10.2 Assignment and Binding Effect. Neither party will assign the Agreement to any third party without the prior written consent of the other party; provided, however, that Niche may assign the Agreement in connection with a reorganization, merger, acquisition, divesture, or sale of all or substantially all assets relating to the Agreement. Any assignment in contravention of this paragraph is null and void. Subject to the foregoing, the Agreement will be binding upon and inure to the benefit of the parties and their permitted successors and assigns.
10.3 Governing Law. The interpretation, validity and performance of the Agreement is governed by the laws of the Commonwealth of Pennsylvania, without regard to any rules pertaining to conflicts of law. In the event of any dispute arising out of or related to the Agreement, the parties hereby irrevocably consent to jurisdiction and venue in the state and federal courts located in Allegheny County, Pennsylvania.
10.4 Force Majeure. Niche will not be responsible or liable for any delay or nonperformance under the Agreement caused by any Internet or telecommunications failure, computer virus, third party interference, software, hardware or other product or service, or any other events or circumstances, regardless of whether similar to any of the foregoing, beyond Niche’s reasonable control.
10.5 Miscellaneous. The parties agree that Niche is an independent contractor and not an employee, agent, joint venturer, or partner of Customer. Any notice required or permitted to be given in connection with the Agreement will be in writing to the addresses identified in the Service Agreement, and Customer agrees to receive any such notice from Niche by email or other commercially reasonable electronic notice.
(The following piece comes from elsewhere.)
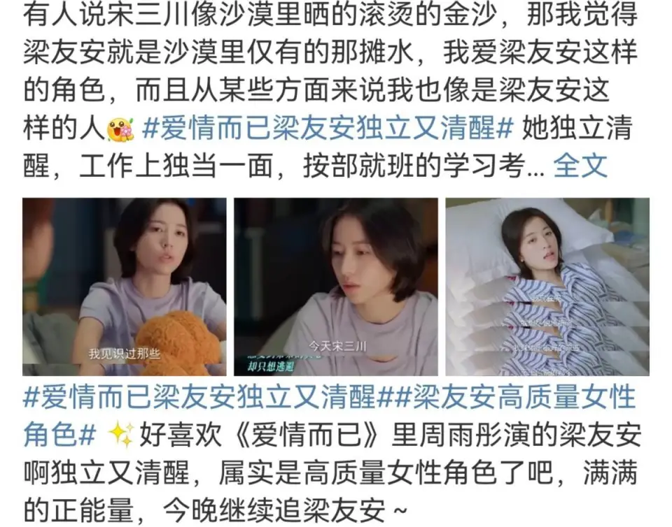 固然传统玛丽苏言情剧至今还存在,“霸道总裁爱上我”“车祸失忆”等烂梗仍然层出不穷,但不得不说观众对于剧的审美也发生了变革,取而代之的很多新奇题材剧更受到关注,比如反腐刑侦剧、实际农村剧等。 要说现在最火的男女主关系除了青梅竹马、高兴冤家这两种之外,“姐弟恋”也成为爱情剧的重要趋势,近几年更是一度迎来了姐弟恋题材的高光时候。 现现在只要男女主颜值过得去且相处细节不油腻,姐弟恋的剧根本都能爆火,比如宋茜宋威龙的《下一站是幸福》,秦岚王鹤棣的《理智派生存》等,固然也有效力过猛的像蒋雯丽明道的《转角之恋》。 由周雨彤和吴磊共同主演的《爱情而已》在央视八套正式播出,而且一跃成为新宠剧集,两位男女主角都是流量兼力派头演员,以是这部剧在开播之前就备受关注。自从首播之后也是好评不停,不但在各个平台得到了超高的点击率,及时热度冲上冠军宝座,剧中各种话题多次登上微博热搜,还一举成为当前热度最高的网剧之一,可见观众对这部剧的喜欢程度。 《爱情而已》之以是可以大概取得如许的好结果,既有男女主自己的魅力,也有剧情上的创新。 01.剧情丰富,有生存气味一部当代剧最告急的就是贴合实际,而《爱情而已》整部剧都充满了生存气味,能让很多人从中找到自己生存的缩影。 比如女主梁友安(周雨彤扮演)在转为职业司理人之前曾是公司的总裁特助,非常实际的打工人一枚,像她碰到的升职加薪老板给画大饼、忙前忙后末了不讨好、日复一日高强度工作等情况都黑白常真实的,很多观众看到女主的履历都会产生共鸣。 剧中有一幕是女主梁友安放工之后突然接到老板的电话,从最开始的不想接到厥后被生存所迫不得不接,纵然在这个过程中不停用电视的声音来麻痹自己,但终极还是得回归到实际,这个情节还原了不少职场打工人的酸楚和无奈,固然周雨彤也把职场女性的危急感和焦急演绎得非常贴切。 这部剧的爱情线也满满生存气味,男女主相识并不是什么狗血的桥段,二人就是相识于一场马拉松运动,男主在角逐现场不乐意戴可爱发箍,厥后由于女主的奉劝才委曲继承,在渐渐相处过程中产生爱情,这种细水长流的爱情并不是所谓的“工业糖精”,毕竟真实的爱情并没有传说中的大张旗鼓,一样平常都是平庸偶然才会有妨害的。 《爱情而已》还把镜头对准了职场、家庭等多个方面,并不是单纯的爱情偶像剧反而是有真正的实际意义,观看剧中主角是怎样平衡奇迹、爱情和友谊的能引发不少人的思考,完全就是真实的生存写照。 剧中男主宋三川(吴磊扮演)和父亲生存的谁人小型商业街非常引人注目,它把深圳人生存中最淳厚的一面显现出来,像热闹的街道、来往的人群、邻里的交谈等等,只能说细节感满满,就连门上的招牌和墙壁都特地做旧,劈面而来的烟火气。 不少打出高分的观众都歌颂这部剧:“都市生存气味让平凡人一下子就有了代入感”“有生存的烟火气”“一些生存细节处理惩罚得特别真实”。 02.人设丰满,姐弟恋太好嗑《爱情而已》是一部以“姐弟恋”为主线的都市感情剧,弟弟男主的人设是充满芳华活力的运动员,而姐姐女主的人设是职场社畜的职业司理人。 原来看似并不应该产生火花的两个人由于不测相识,末了选择突破世俗的眼光在一起,既满足了观众对优美爱情的想象,同时男女主爱情和奇迹之间的一些小妨害又反映了当今社会的真实。 剧中男主宋三川由于原生家庭有一些执拗,而女主有很强的奇迹心以致于到了太过强求的田地,二人都有自己心中不为人知的机密,但相爱之后就成为了相互人生中的那道光,携手办理困难,相互救赎。 男女主角的每一步办法都不是为了推进剧情,而是在人物性格的条件之前发展,非常有逻辑性和条理性的设定,以爱情为中央但更多的是主角们的发展,这种情节看起来还是比力正能量的。 03.演员演技好,真实不造作吴磊和周雨彤的演技都是毋庸置疑的,纵然二人是初次相助也默契十足,一开始本以为他俩不能有什么CP感,但很多观众看过之后都表现“越看越上头”。 正如网友发自心田的批评:“悦目! 都市生存,职场,中年夫君与都市独立女性的落差,体育竞技的暴虐。 三观惬意,剧情流畅,演技妆造也在线。吴磊和周雨彤的选角真的很神!” 吴磊作为95后小生的代表同时也算是圈内的“老戏骨”,年事轻轻就顺遂完成个人转型不说,演技也已经到了出神入化的田地,根本上每一部作品他都能成为全剧演技最好的。 这次扮演的弟弟宋三川对他来说根本没有寻衅,而吴磊依附着超强的明白本领和专业力气对脚色举行了更形象化的明白,演出非常有张力让人不得不歌颂。 值得一提的是,吴磊在剧中的身材极有看头,由于是运动员的设定以是胸肌和腹肌都非常饱满,听说他为了上镜能更真实和悦目提前很久就锻炼,以是才创造了现在这种“穿衣显瘦,脱衣有肉”的视觉盛宴。 周雨彤曾多次扮演职场女性这一人物设定,之前在短剧《我在他乡挺好的》中扮演女主角乔夕辰把成年人的不容易出现得极尽描摹,尤其是包罗多条理的哭戏、直系家庭的无奈等感情的处理惩罚非常到位,因此她也一战封神得到了业内的认可。 这次同样是发挥稳固带给观众很大的惊喜,是“姐姐”但不油腻也不愚笨,台词功底也非常棒,精准捉住了脚色的特性。 让人惊喜的是,剧中扮演

Notwithstanding anything else in the Agreement to the contrary, Niche may use the name and logo of Customer on the Website and in its standard marketing material used to promote its products and services, subject to any reasonable trademark usage guidelines provided by Customer. If any provision of the Agreement is held invalid or unenforceable by any court or government body of competent jurisdiction, such provision will continue in effect in all other circumstances and jurisdictions and otherwise to the full extent permissible under applicable law, and the other provisions will continue in effect (unaffected thereby). No party will be deemed to be the drafter of any provision of the Agreement, and no provision of the Agreement will be construed against any party on the basis of the identity of the drafter.